However, within analogous art, Helge Rhodin teaches  training a model, using the plurality of unlabeled images ( Page 8438, Col. 2 – “ 3. Approach - we train our network using a novel loss function that adds view-consistency terms to a standard supervised loss evaluated on a small amount of labeled data and a regularization term that penalizes drift from initial pose predictions. This formulation enables us to use unlabeled multi-view footage by estimating jointly the body pose in a person-centered coordinate system…”) , for use by a process that estimates a three-dimensional (3D) pose for a given 2-dimensional (2D) image( 2D pose data  for pre-training of 3D estimation taught within Page 8440-Col. 2-“…The first three levels are initialized through transfer learning by pre-training on a 2D pose estimation task, as proposed by [16], and then kept constant. For the weak supervision experiments, the
network is pre-trained on L….” AND Page 8438-Col. 2 – “…Our goal is to leverage multi-view images, for which the true 3D human pose is unknown, to train a deep network to predict 3D pose from a single image.
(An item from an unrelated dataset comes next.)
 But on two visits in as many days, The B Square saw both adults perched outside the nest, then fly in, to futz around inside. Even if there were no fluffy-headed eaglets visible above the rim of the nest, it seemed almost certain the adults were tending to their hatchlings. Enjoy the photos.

To this end, we train our network using a novel loss function that adds view-consistency terms to a standard supervised loss evaluated on a small amount of labeled data and a regularization term that penalizes drift from initial pose predictions…”).
	One of ordinary skill in the art would have been motivated to combine the teaching of Helge Rhodin within the modified teaching of the Estimator Training Method And Pose Estimating Method Using Depth Image mentioned by Han et al. because the Learning Monocular 3D Human Pose Estimation from Multi-view Images mentioned Helge Rhodin provides a system and method for implementing 3D human pose estimation utilizing deep net architecture for processing image datasets. 
	Therefore, it would have been obvious for one in the ordinary skills in the art before the effective filing date of the claimed invention to implement the Learning Monocular 3D Human Pose Estimation from Multi-view Images mentioned Helge Rhodin within the modified teaching of the Estimator Training Method And Pose Estimating Method Using Depth Image mentioned by Han et al.  for implementation of a system and method  for  3D human pose estimation utilizing deep net architecture for processing image datasets. 
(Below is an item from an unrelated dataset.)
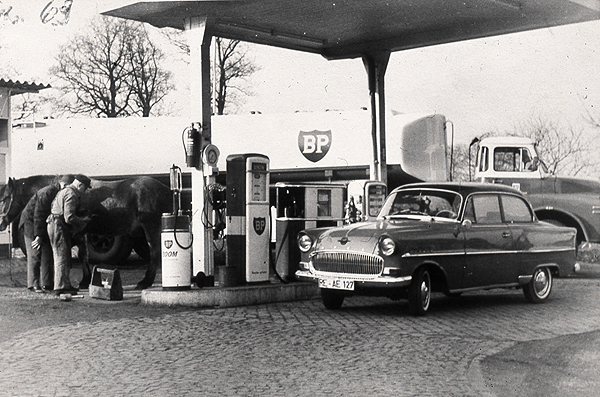 Eine historisches Foto: Pferd, Tankwagen und Opel Record nebeneinander
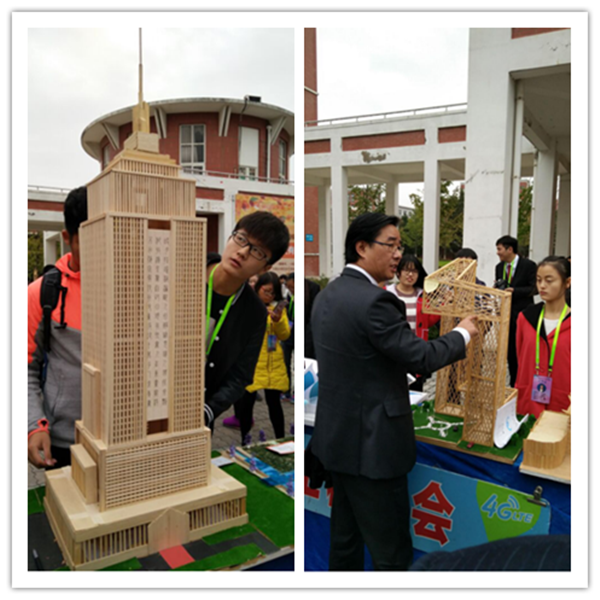 新华集团副总裁、学校执行董事陆真,副校长杨世国,美国凯泽大学副校长杨湛君,土木与环境工程学院执行院长朱兆健亲临现场观展。本次展出了包括“小蛮腰”“钟鼓楼”“帝国大厦”“两琴相悦”“中国馆”在内的42组作品。其中,作品“盼桥”受到了美国凯泽大学副校长杨湛君的青睐,他亲自踏上模型,体验了桥梁的承载能力。观展领导、教师对参展的模型赞不绝口,同时也提出了一些宝贵意见。同学们在观赏之余,驻足咨询有关模型制作的过程与材料等问题,现场气氛非常活跃。

As per Claim 18, Han et al. teaches A system ( Col. 25 – lines 15-18) , comprising: 
a memory storing computer  ( Col. 25, lines 20-27) instructions; and a processor that executes the computer instructions to perform a method comprising: receiving as input a plurality of unlabeled images of a particular object each captured from a different viewpoint ( Col. 6, lines 9- 25 – “…Labeled data and unlabeled data may be jointly modeled. A change in a viewpoint with respect to a pose of an articulated object may be processed using an adaptive hierarchical classification scheme. Both the labeled data and the unlabeled data may be used…”); 
Han et al. does not explicitly teach  training a model, using the plurality of unlabeled images, for use by a process that estimates a three-dimensional (3D) pose for a given 2-dimensional (2D) image. 
However, within analogous art, Helge Rhodin teaches  training a model, using the plurality of unlabeled images ( Page 8438, Col. 2 – “ 3. Approach - we train our network using a novel loss function that adds view-consistency terms to a standard supervised loss evaluated on a small amount of labeled data and a regularization term that penalizes drift from initial pose predictions. This formulation enables us to use unlabeled multi-view footage by estimating jointly the body pose in a person-centered coordinate system…”) , for use by a process that estimates a three-dimensional (3D) pose for a given 2-dimensional (2D) image( 2D pose data  for pre-training of 3D estimation taught within Page 8440-Col. 2-“…The first three levels are initialized through transfer learning by pre-training on a 2D pose estimation task, as proposed by [16], and then kept constant. For the weak supervision experiments, the
network is pre-trained on L….” AND Page 8438-Col. 2 – “…Our goal is to leverage multi-view images, for which the true 3D human pose is unknown, to train a deep network to predict 3D pose from a single image. To this end, we train our network using a novel loss function that adds view-consistency terms to a standard supervised loss evaluated on a small amount of labeled data and a regularization term that penalizes drift from initial pose predictions…”).
	One of ordinary skill in the art would have been motivated to combine the teaching of Helge Rhodin within the modified teaching of the Estimator Training Method And Pose Estimating Method Using Depth Image mentioned by Han et al. because the Learning Monocular 3D Human Pose Estimation from Multi-view Images mentioned Helge Rhodin provides a system and method for implementing 3D human pose estimation utilizing deep net architecture for processing image datasets. 
	Therefore, it would have been obvious for one in the ordinary skills in the art before the effective filing date of the claimed invention to implement the Learning Monocular 3D Human Pose Estimation from Multi-view Images mentioned Helge Rhodin within the modified teaching of the Estimator Training Method And Pose Estimating Method Using Depth Image mentioned by Han et al.  for implementation of a system and method  for  3D human pose estimation utilizing deep net architecture for processing image datasets. 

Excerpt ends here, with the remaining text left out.